Oprah Winfrey has been a mainstay in the American media for over two decades. Her impact on storytelling, literature, and in film and television has been significant, so much so that the National Museum of African American History and Culture is celebrating the media mogul with the launch of an exhibition that explores her upbringing, her influence on American culture, and her life’s work.
The exhibition, titled “Watching Oprah: The Oprah Winfrey Show and American Culture,” opened Friday, according to the Washington Post, and will run through June 2019. The exhibition features video clips, interview segments, movie costumes, and personal photographs, as well as journals, to explore “what has influenced Winfrey and how her work has shaped America.”
“What’s interesting is the same way America thought about Walter Cronkite—you could trust Walter Cronkite and his opinion—they trust Oprah,” museum director Lonnie G. Bunch III told the Post. “An African American woman becomes the person America turns to.”
Winfrey, whose net worth is north of $ 2.9 billion, according to Forbes, isn’t just a mere media personality, she is also an African American activist whose contribution to American culture “rank alongside those of Sojourner Truth and Ida B. Wells, according to the new exhibition at the National Museum of African American History and Culture.
Although Winfrey is the museum’s largest individual donor with her $ 21 million gift to the $ 540 million museum, Bunch said her role as a benefactor did not influence the exhibition.
“We made sure there was a bright line, that this was done by the museum and museum scholars,” he said. “The fundraising was not through Oprah’s people.”
The curators in charge of the exhibit—Rhea L. Combs and Kathleen Kendrick—worked with Winfrey and her staff on fact-checking, background information and arranging loans for the exhibition.

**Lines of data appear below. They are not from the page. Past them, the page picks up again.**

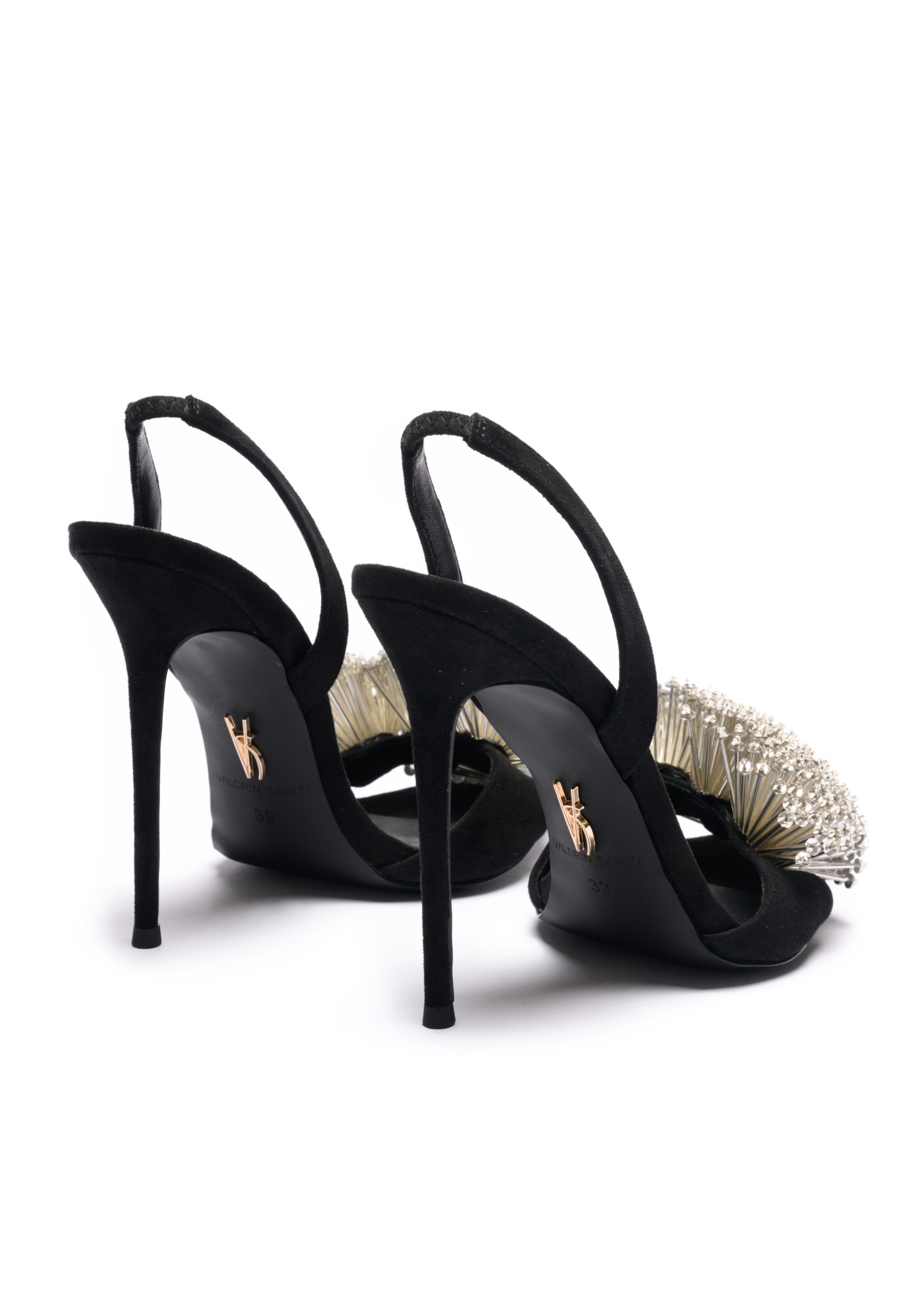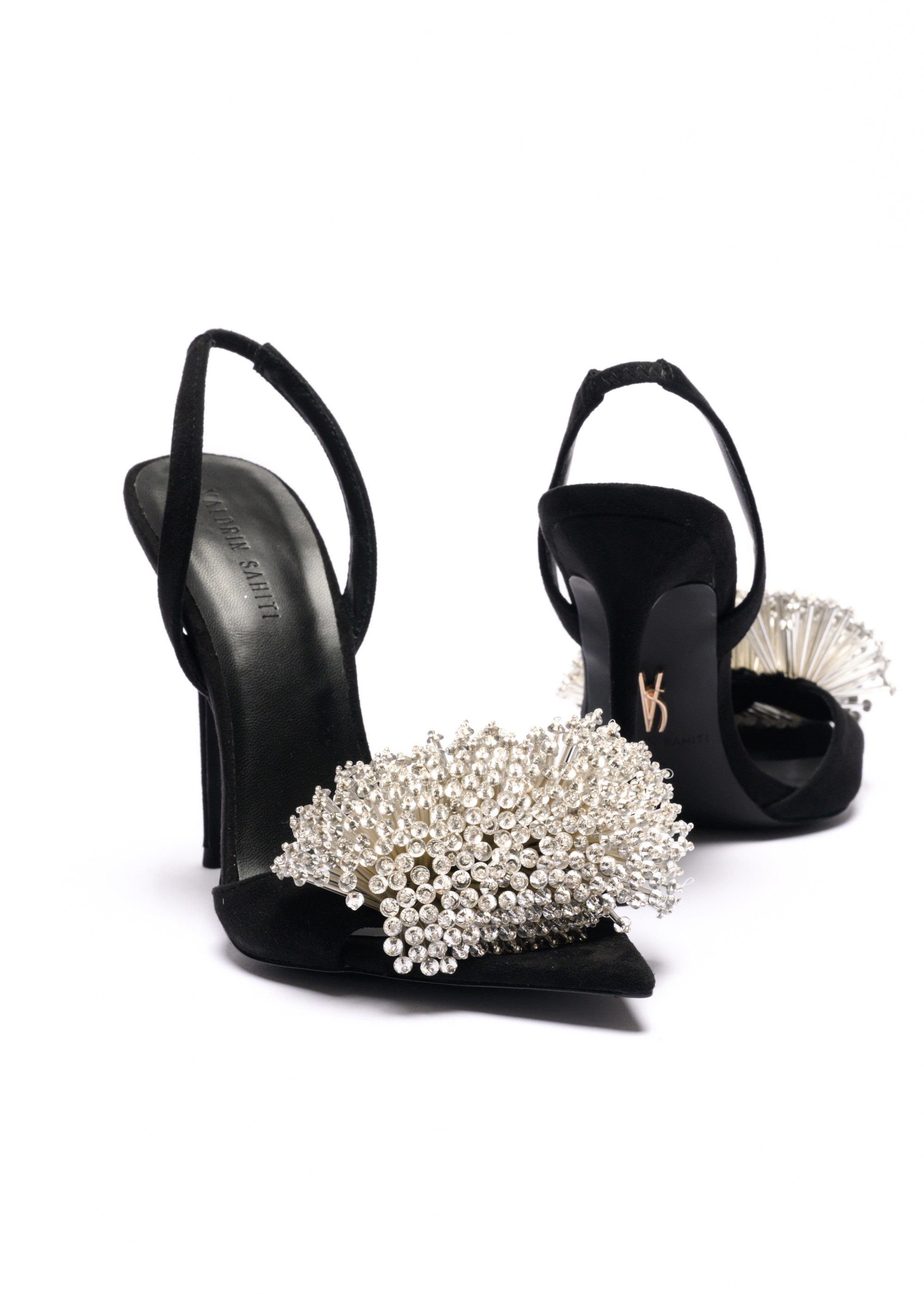 Midnight Halo Stiletto, adorned with a radiant crystal bloom that fans elegantly across the toe. Set atop a sleek 120mm stiletto heel, this striking silhouette sculpts and elongates the leg with effortless poise. Designed to command attention at every step, it embodies modern opulence, refined drama, and unforgettable evening allure.
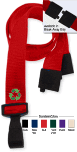 “Made of 100% P.E.T. Recycled Plastic!” 3/8″” or 5/8″ width Polyethylene recycled plastic with recycled plastic hook and safety break-always. Recycled plastic means less petroleum – a finite commodity – is consumed. We customize our lanyards with water based inks.
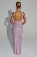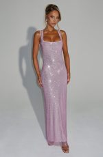 Indulge in luxury with the Petra Maxi Dress in Pink. Made from stretch net fabric embellished with square hotfix and rhinestones, this dress hugs your body for a flattering silhouette. The square neckline and low scoop back add a touch of sophistication. Lined with mesh for a semi-sheer look.
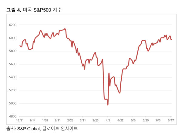한편 주식시장에서는 거의 ‘아무 일도 일어나지 않았다’(Nothing ever happens)라고 할 정도로 침착한 모습이다. 미국 우량주로 구성된 S&P500 지수는 사태 발생 직전과 비교할 때 5거래일 동안 1.1% 내리는 데 그쳤다. 6월 18일 지수가 소폭 하락한 것은 중동 사태의 영향이 아니라 연준이 금리 인하를 서두르지 않겠다는 자세를 보인 데 따른 것이다.
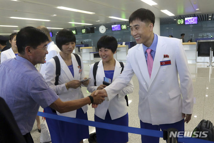 [평양=AP/뉴시스] 2024 파리 올림픽에 출전하는 북한 선수들이 20일 북한 평양공항에서 출국하면서 환송객과 인사를 나누고 있다. 북한은 8년 만에 하계 올림픽에 참가한다. 2024.07.21.
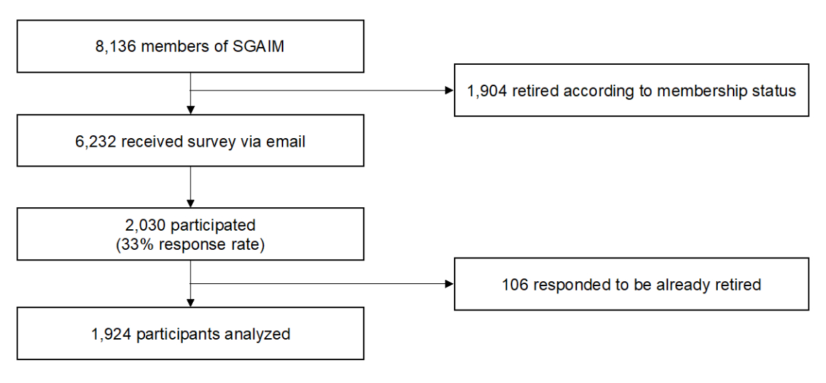 2 As described in the study flowchart, all retired SGAIM members (n = 1,904) were excluded
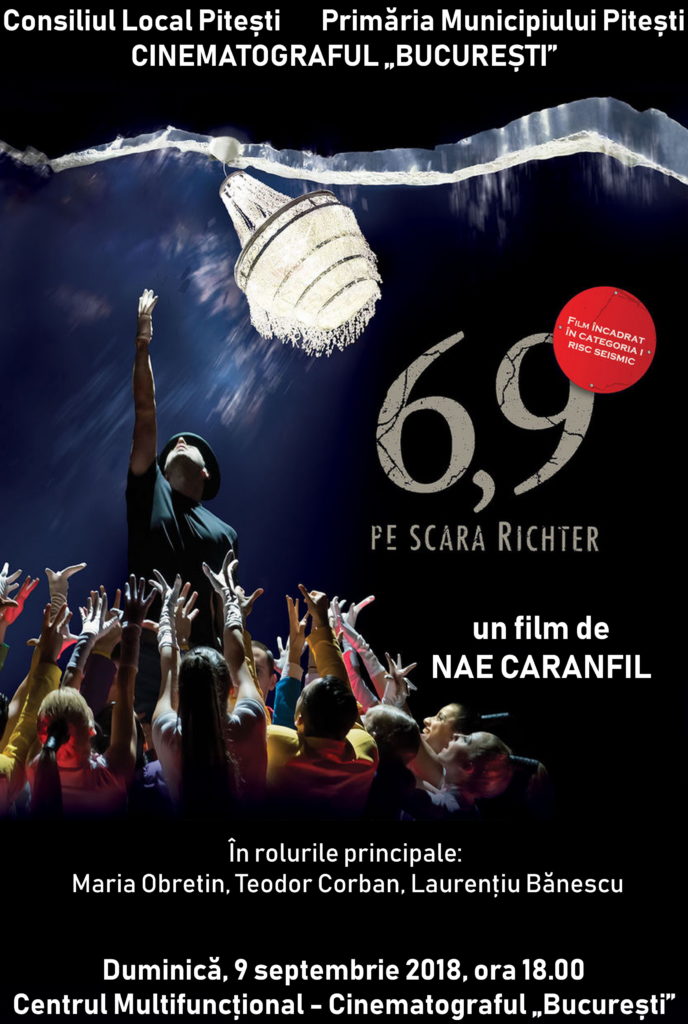 Duminică, 9 septembrie, de la ora 18.00, la Cinematograful „București” difuzăm filmul românesc „6,9 pe scara Richter”, în regia lui Nae Caranfil. În rolurile principale: Maria Obretin, Teodor Corban și Laurențiu Bănescu. Filmul spune povestea unui tânăr actor care pendulează între un rol complicat dintr-un spectacol de „musical”, o nevastă geloasă până la depresie și obsesia marelui cutremur devastator, anunțat ca iminent de toți „experții”. Însă „adevăratul” cutremur pentru el se dovedește a fi reapariția intempestivă a propriului său tată, după decenii de absență. Tony-actorul, soția sa instabilă psihic, tatăl hedonist și frumoasa iubită a acestuia evoluează împreună într-un „cadril” tragi-comic, în așteptarea unui dezastru seismic și a unei premiere teatrale unde, cel puțin în intenții, „toată lumea râde, cântă și dansează”…
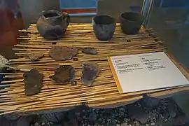 The Rocca di Manerba del Garda was subject to many archaeological excavations which brought to light remains of various prehistoric settlements. In 1955, the announcement of the first proof of prehistoric finds in the area was published. Archaeological excavations in the Sasso area, just below the fortress, revealed traces of a Mesolithic settlement that evidences the presence of human beings about 8000 to 5000 years ago.[3] The area around Sopra Sasso, between the fortification and the lakefront, was the site of a Neolithic Age settlement. It appears possible that fragments of Square Mouth Pottery found on the Rocca di Manerba del Garda are testimony to further activity in the same period.[4] Such as ruins date back to the Lagozza Culture (4000 BC).[5] There is evidence of rituals, cultural and religious activities during the Bronze Age (3000 BC), such as bronze objects. These are evidence of life, even during the Iron Age in the Rocca di Manerba del Garda.[3][6][7] The area of the Rocca is also known for the pile-dwelling sites located by the small basins on the lake. Between 1971 and 1980, a 150 meters long pile-dwelling settlement was found in the area of San Sivino and it is part of the UNESCO heritage site. Further excavations revealed the existence of two housing phases: one between the 20th century and the 17th century B.C. and another one between the 17th century and the 16th century B.C.[8][9] There is also evidence of the rule of the Etruscans.[3]

“In terms of content and narrative and the way the story is told, it’s the museum’s product. The way we approached it was the way we approach all of our exhibitions,” Kendrick said. “We’re providing a context for understanding not only who she is, but how she became a global figure, and how she is connected to broader stories and themes.”
The Special Exhibitions gallery, which houses the first section of the show, explores Winfrey’s childhood and early career and how the cultural shifts of the 1950s and ’60s informed her worldview, per the Post.
“Civil rights, the women’s movement, the media and television landscape, she’s at this distinct intersection of all of these dynamic moments,” Combs said. “She becomes someone at the forefront of dealing with ideas, of discussing hot-button topics like racism and sexual orientation.”
The middle section explores the highest-rated talk show in television history, using artifacts from Winfrey’s Harpo Studios in Chicago, where the “Oprah Winfrey Show” was filmed. The section focuses on “its evolution, its variety of subject matter and guests, and its reach into social issues such as racism and equality.”
“She used television as a social medium, convening conversations and creating these interactive experiences with people,” Kendrick said. “She’s offering lessons for living, social guidance in a way.”
The third section looks at Winfrey as a “cultural influencer and tastemaker” in the movies she has featured and produced, the books she promoted in her book club as well as her philanthropic work.
“There are so many issues, about women, power, media, body image,” Bunch said. “This should be a popular show because of the impact of this person, but it is also a show that allows us to think about what it means that a woman who doesn’t fit the TV look could build a media empire and become an entrepreneur.”